This is my symphony

What I read & what I lived …

Whiskey & Charley (NetGalley)
Annabel Smith
Sourcebooks Landmark

Twins Whiskey and Charley were identical in looks, but couldn’t have been more different in temperament. Whiskey, the first born, was athletic, brash, and daring as a child. As an adult, those same qualities served him well as an ad executive and his successes were many. Charley was quieter, timid, even, and he floundered as an adult, both in love Whiskeyand career. There wasn’t much Whiskey didn’t do better than Charley, it seemed.

Charley was named after Prince Charles, hardly, a nine-year-old thinks, an attractive namesake. Whiskey is really William, but when they were boys and enambored with a set of walkie-talkies. Charley easily learned the two-way radio alphabet: alpha, bravo, Charley … for once Charley had one over on his brother. No William in the alphabet, but there was a “whiskey” and so William took it on.

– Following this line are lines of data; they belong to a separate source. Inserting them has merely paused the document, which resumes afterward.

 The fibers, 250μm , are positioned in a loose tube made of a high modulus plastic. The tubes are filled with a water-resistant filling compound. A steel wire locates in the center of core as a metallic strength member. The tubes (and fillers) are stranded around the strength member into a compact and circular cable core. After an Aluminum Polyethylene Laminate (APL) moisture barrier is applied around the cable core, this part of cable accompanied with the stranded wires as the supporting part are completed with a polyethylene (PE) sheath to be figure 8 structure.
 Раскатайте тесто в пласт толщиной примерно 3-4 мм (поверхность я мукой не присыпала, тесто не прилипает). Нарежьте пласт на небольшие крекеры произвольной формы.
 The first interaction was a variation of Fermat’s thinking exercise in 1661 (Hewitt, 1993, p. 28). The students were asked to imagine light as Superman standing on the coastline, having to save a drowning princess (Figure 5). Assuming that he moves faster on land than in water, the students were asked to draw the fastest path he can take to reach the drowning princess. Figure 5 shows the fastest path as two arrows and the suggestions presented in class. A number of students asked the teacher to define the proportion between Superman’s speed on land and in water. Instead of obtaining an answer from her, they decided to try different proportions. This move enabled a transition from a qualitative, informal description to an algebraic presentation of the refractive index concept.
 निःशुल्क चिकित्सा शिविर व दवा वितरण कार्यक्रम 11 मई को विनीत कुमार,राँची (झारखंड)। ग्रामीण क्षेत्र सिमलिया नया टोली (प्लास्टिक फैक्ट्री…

Writer Annabel  Smith alternates between the story of the boys’ childhood and the present day vigil Charley holds at Whiskey’s hospital bedside. As close as they were as children, they drifted that much farther apart as adults. Each blames the other for the rift and at the time of Whiskey’s accident, they haven’t spoken for months.

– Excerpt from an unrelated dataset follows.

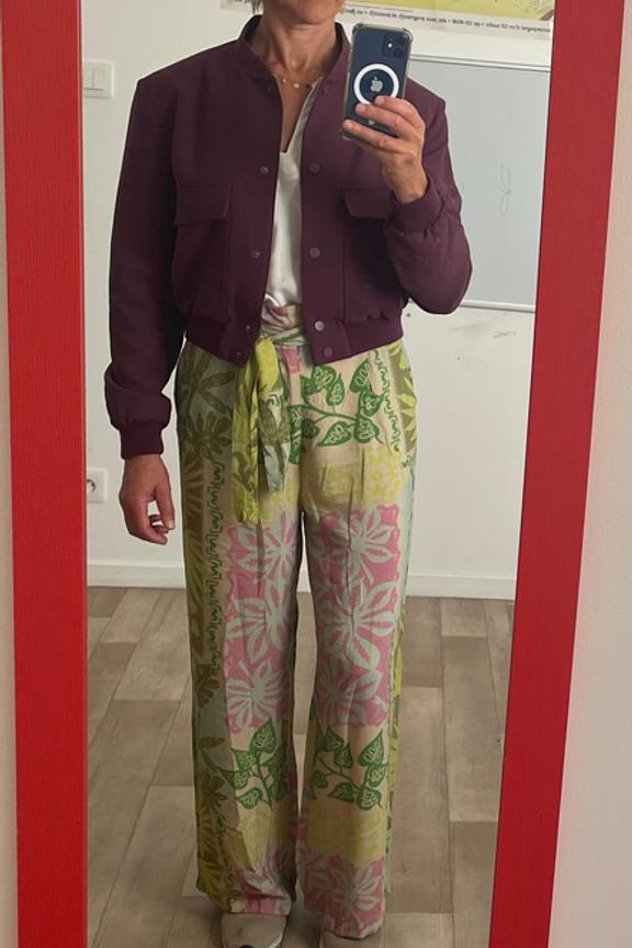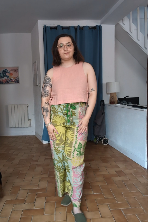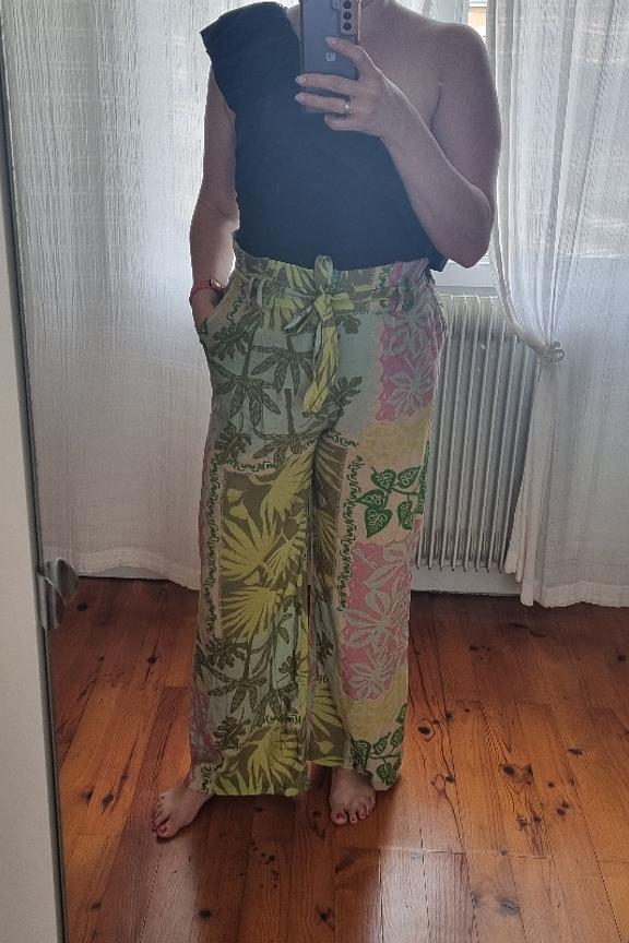 Ajoutez un top léger et des sandales pour une allure estivale décontractée. • Pantalon fluide en Tencel • Taille haute avec ceinture à nouer • Jambes larges et aériennes • Imprimé tropical vibrant • Parfait pour une touche d'exotisme

We get Charley’s point of view and the reader, like Charley, begins to find Whiskey’s extravagant lifestyle (fast cars and fast women) distasteful. Whiskey is overbearing. Egotistical. Thoughtless. But as Charley faces (admittedly very reluctantly) the fact that the Whiskey he knew is probably gone, he longs for that very person he once despised.

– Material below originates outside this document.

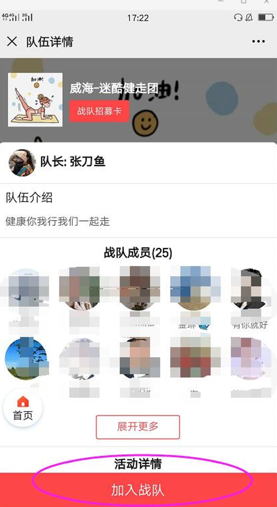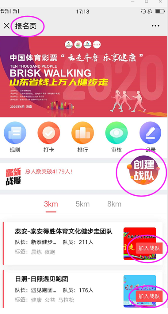 ??????目前,威海已經(jīng)有威海迷酷健走團(tuán)、威海市馬拉松協(xié)會(huì)、威海市徒步協(xié)會(huì)等戰(zhàn)隊(duì),選擇威海任一戰(zhàn)隊(duì),點(diǎn)擊加入戰(zhàn)隊(duì)。
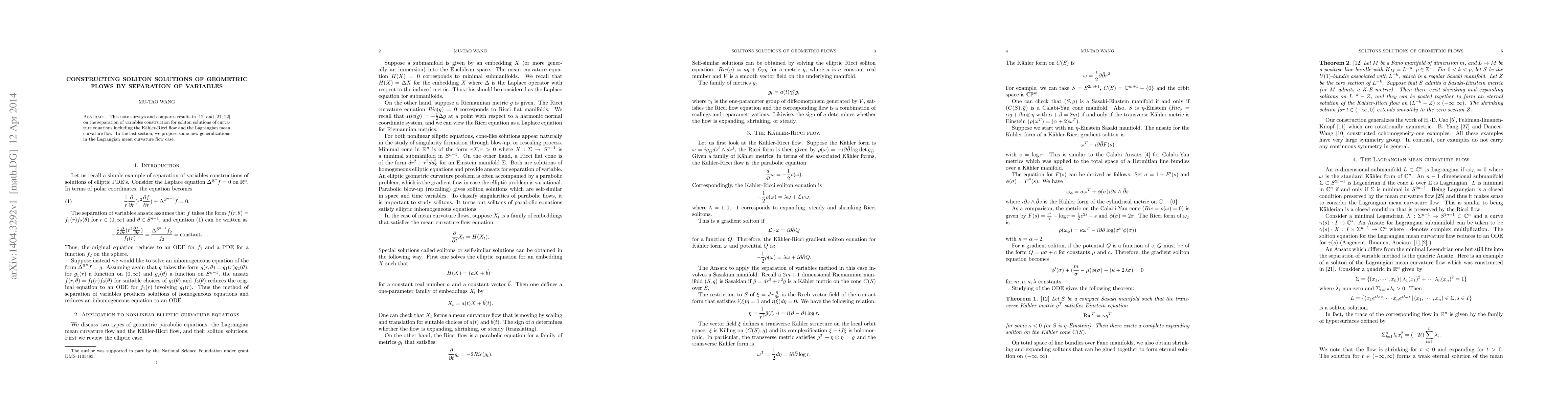 Researchers developed methods to find soliton solutions for certain geometric flows, including the K"ahler-Ricci flow and Lagrangian mean curvature flow, using a technique called separation of variables.

And that’s really the reason to read Whiskey and Charley. Yes, the Australian setting is unique. Of course the complex characters captivate us. But Charley’s startling realization that his interpretation of events may not be the only one, that perhaps he himself had a hand in their estrangement, is profound.

And dare I say I’m guessing we would all be happier if we would only do the same.